[Collection entries]
==========

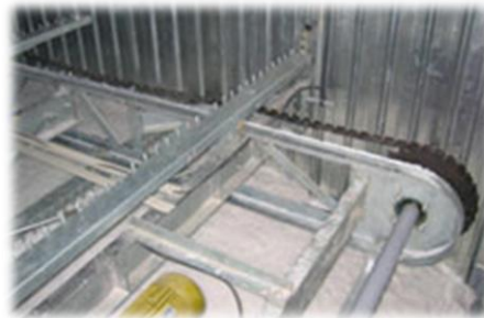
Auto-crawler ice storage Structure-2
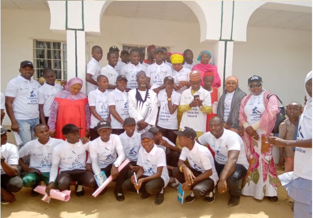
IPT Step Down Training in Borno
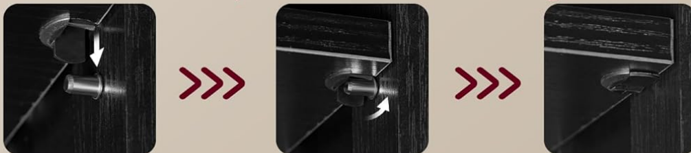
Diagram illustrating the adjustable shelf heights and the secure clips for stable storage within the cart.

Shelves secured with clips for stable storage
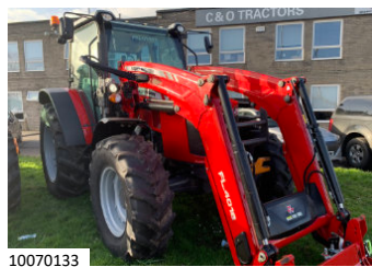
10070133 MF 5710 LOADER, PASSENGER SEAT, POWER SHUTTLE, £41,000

==========

* **Work to complete**
Once the pictures are set aside, please output all the data word for word.

* **Your solution**
Auto-crawler ice storage Structure-2
IPT Step Down Training in Borno
Diagram illustrating the adjustable shelf heights and the secure clips for stable storage within the cart.

Shelves secured with clips for stable storage
10070133 MF 5710 LOADER, PASSENGER SEAT, POWER SHUTTLE, £41,000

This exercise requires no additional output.